Segment Open

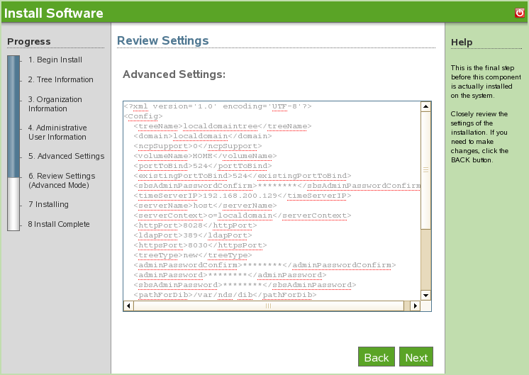 Überprüfen Sie die Einstellungen. Sie können Änderungen vornehmen, indem Sie den XMPL-Text direkt bearbeiten, um bei Bedarf zusätzliche erweiterte Einstellungen festzulegen. Um die Installation fortzusetzen, klicken Sie auf .
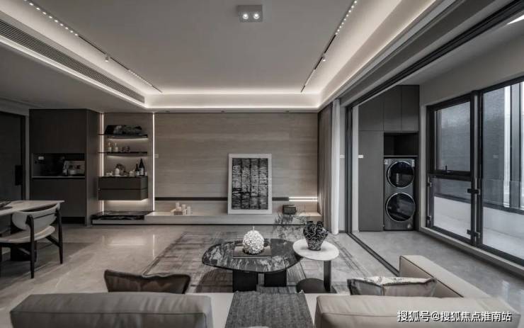 超过5m的南向宽景阳台,全景落地窗的搭配,观景视野开阔!值得一提的是,从客厅到阳台,地面都是通铺的仿石砖大规格柔光砖,真正实现空间一体化。
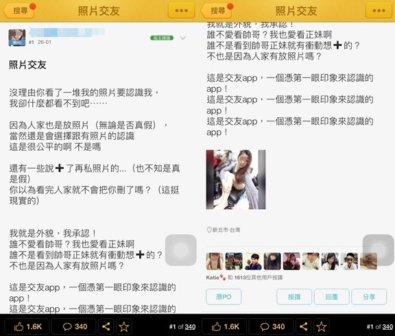 除此之外,原PO正妹也強調網路世界的殘酷事實,儘管先加好友再私訊給圖,不論真實與否、對方不滿意還是會把你刪掉打入冷宮。就有男生委屈提到,「照騙」交友天天上演,外表不一定靠譜。其實從交友app上不難發現,男女大頭照自介文各不相同,女孩通常取景得花費半小時,光是45度角縮下巴、擠乳溝的自拍神照就能上傳好幾10張;男孩就更抽象了,常常製造神祕感覺,不是放戶外風景照、就是只拍單一部位,例如眼睛、胸肌等,甚至是模糊失焦的臉部特寫,讓人一看就難以捉摸、連忙按叉叉關視窗。
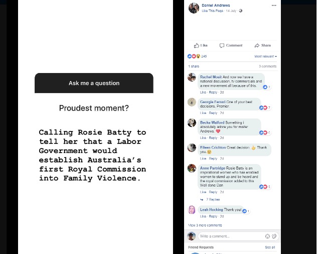 By January 2016, she had spoken at approximately 250 events and addressed more than 70,000 people. She had also inspired Victorian Premier Daniel Andrews to commit to an Australian-first Royal Commission into Family Violence (see Facebook post below).
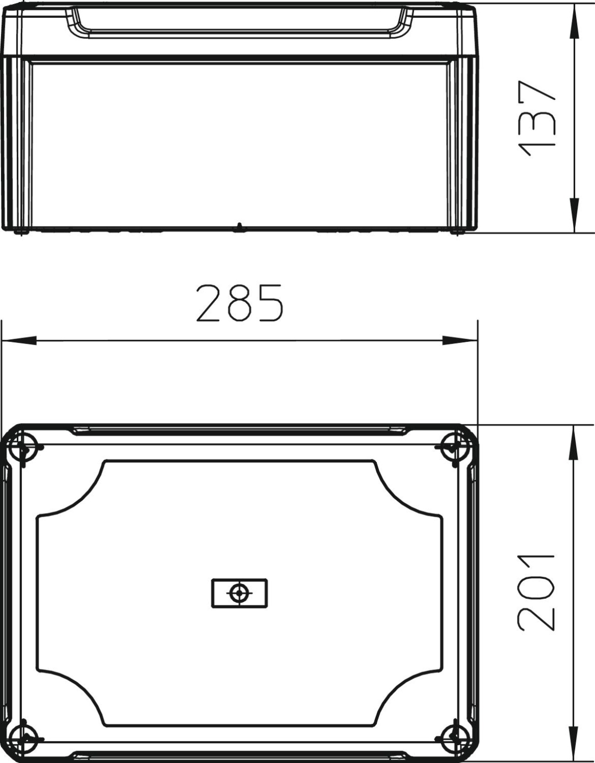 Caixa de derivação lisa com tampa alta 285x201x139 PolipropilenoPolicarbonato cinzento claro RAL 7035
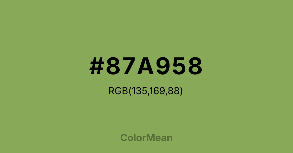 #87A958 RGB value is (135, 169, 88). The hex color red value is 135, green is 169, and blue is 88. Its HSL format shows a hue of 85°, saturation of 32 percent, and lightness of 50 percent. The CMYK process values are 20 percent, 0 percent, 48 percent, 34 percent.
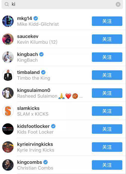 但当我们搜索关键词ki(詹姆斯的用户名kingjames)时却发现,已经没有了詹姆斯的身影。
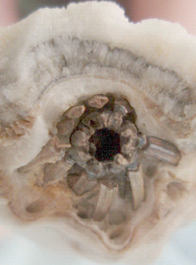 b) "durchdrungen" ? war das nicht eher so, dass sich der Aragonitsinter um das pflanzliche Objekt herum gebildet hat?
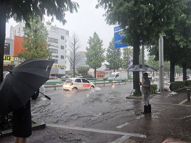 17일 오전 광주지역에 내린 기습폭우로 도로가 물바다가 되고 있다. / 이서영 기자
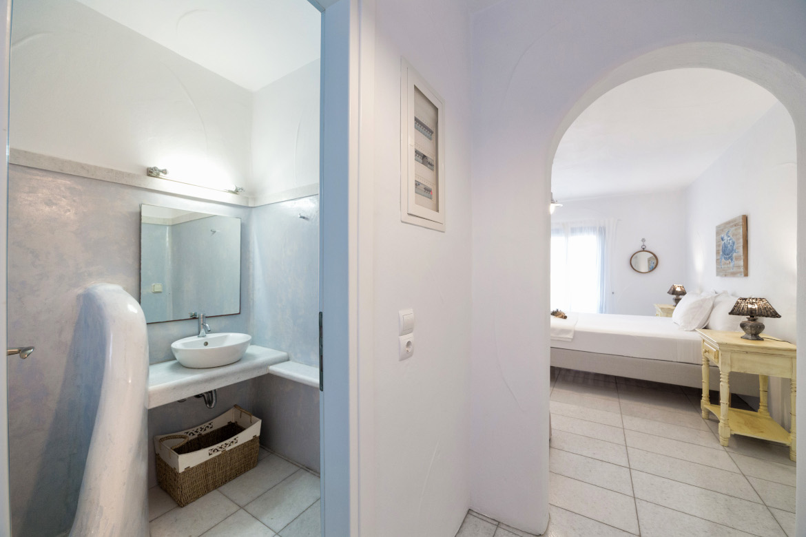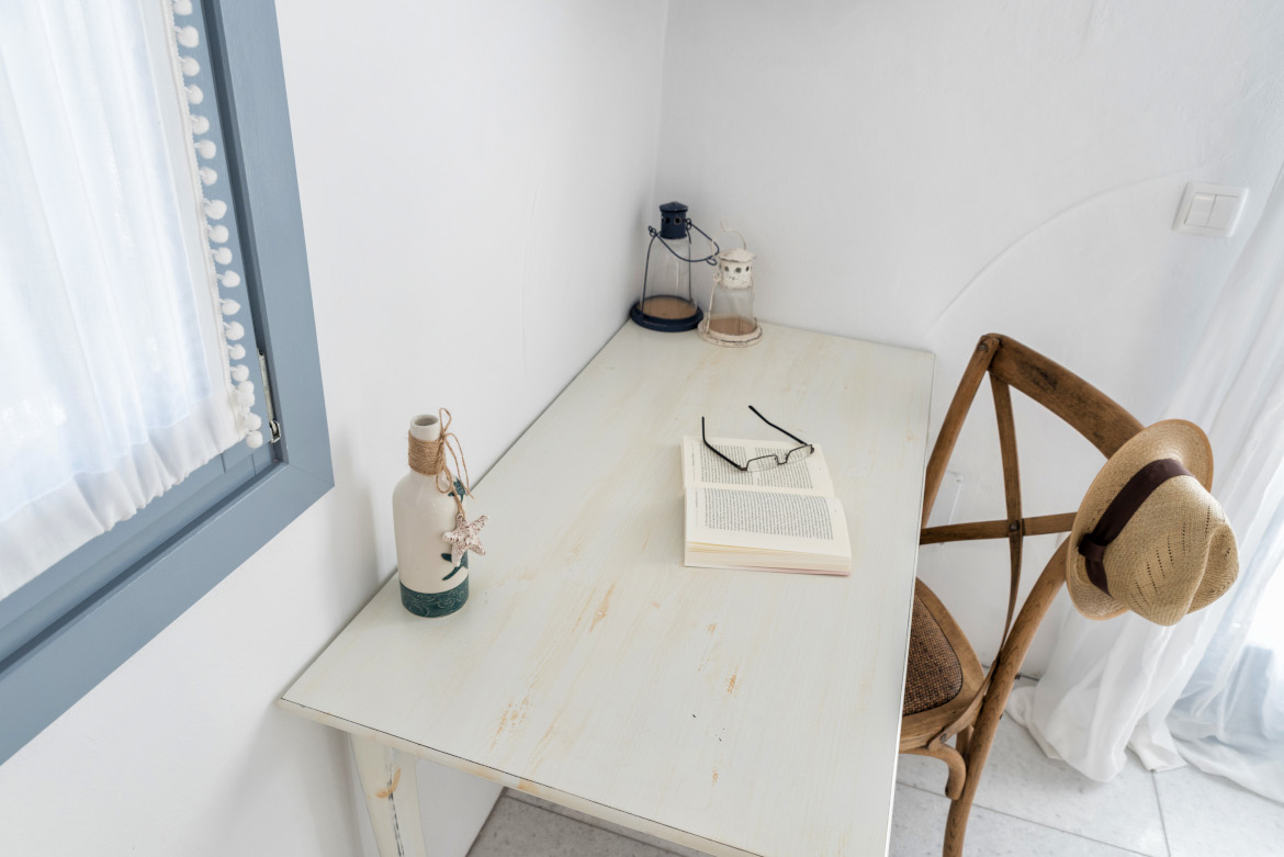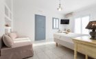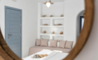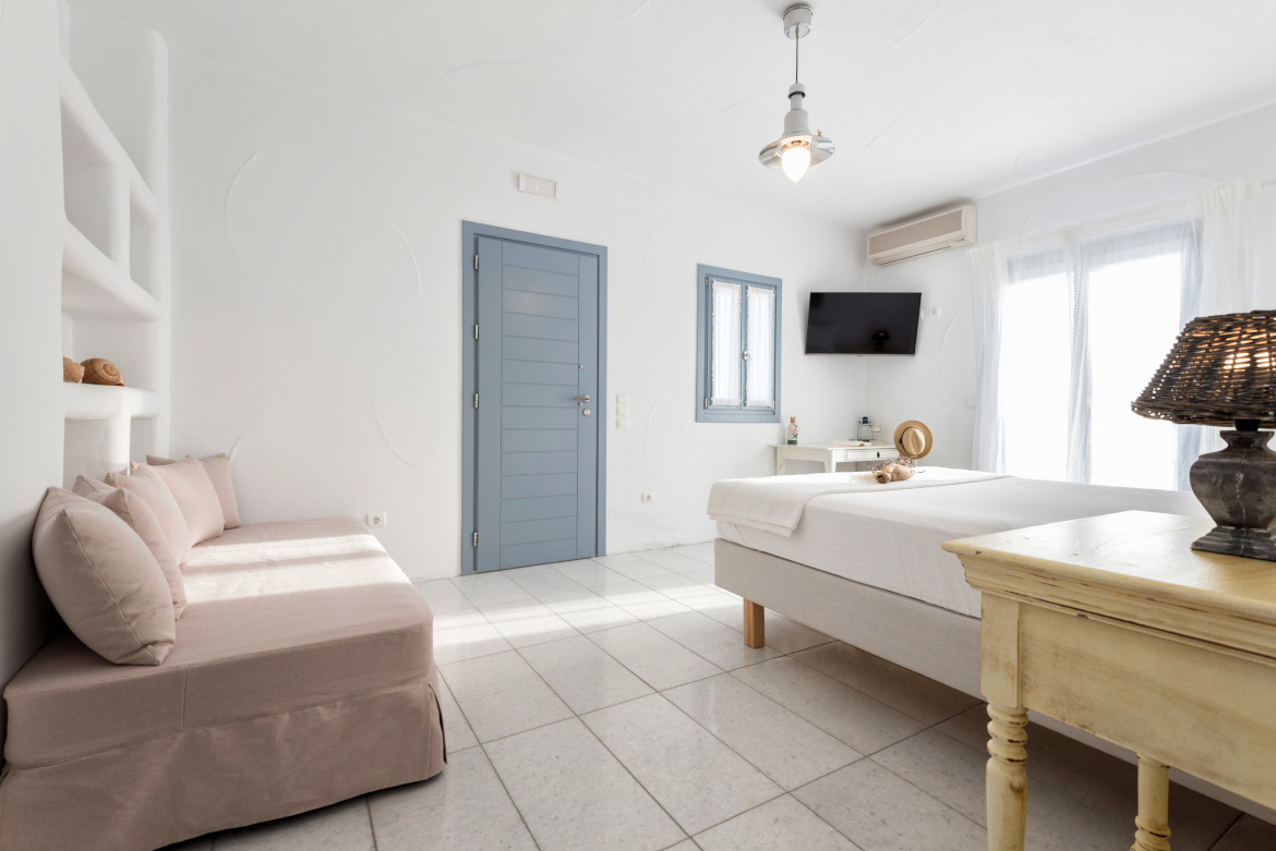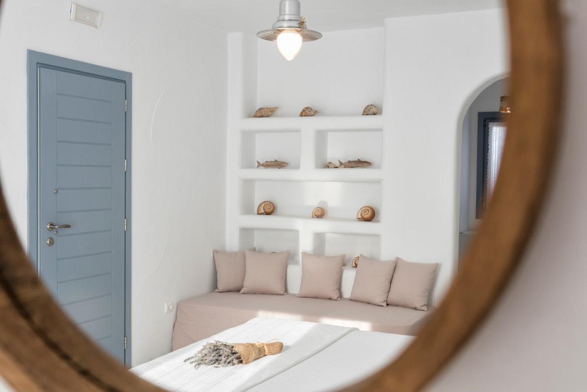 Από τα χρώματα του Aegean Colors, δεν θα μπορούσε να λείψει το θαλασσί του Αιγαίου, το οποίο μπορεί να απολαύσει κανείς από το μπαλκόνι του δωματίου.
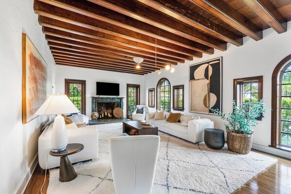 * Living Spaces: Two inviting living rooms, one featuring a cozy indoor fireplace, perfect for unwinding or spending quality time with friends and family.
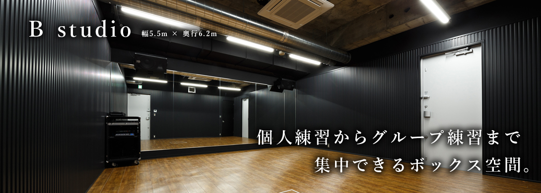 横幅が5.5m、縦幅が6.2mあり、金額もお手頃なため、少人数で行う練習に向いているスタジオとなっております。個室型更衣室が一部屋あり、Aスタジオと同様にスマホホルダーをご用意しております。その他、打ち合わせ、舞台や芝居のセリフ合わせ、余興練習などプライベート感のある空間です。
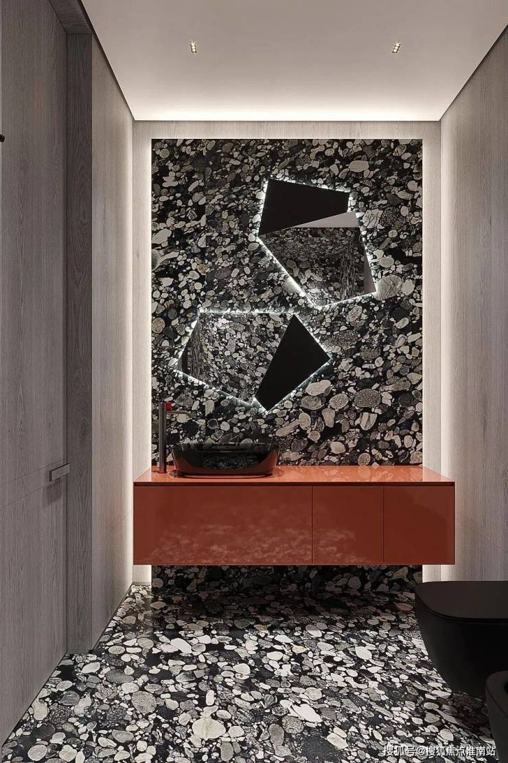 主卫生间石材背景带来抽象艺术,朱红色洗手台释放温馨优雅,淋浴区如同雨花石的意境。

Segment Closed

Copy word for word the lines of the records above from the one with "herum gebildet hat?" up to and including the one with "17일 오전 광주지역에". Skip the pictures.

Response to this task:
 b) "durchdrungen" ? war das nicht eher so, dass sich der Aragonitsinter um das pflanzliche Objekt herum gebildet hat?
 17일 오전 광주지역에 내린 기습폭우로 도로가 물바다가 되고 있다. / 이서영 기자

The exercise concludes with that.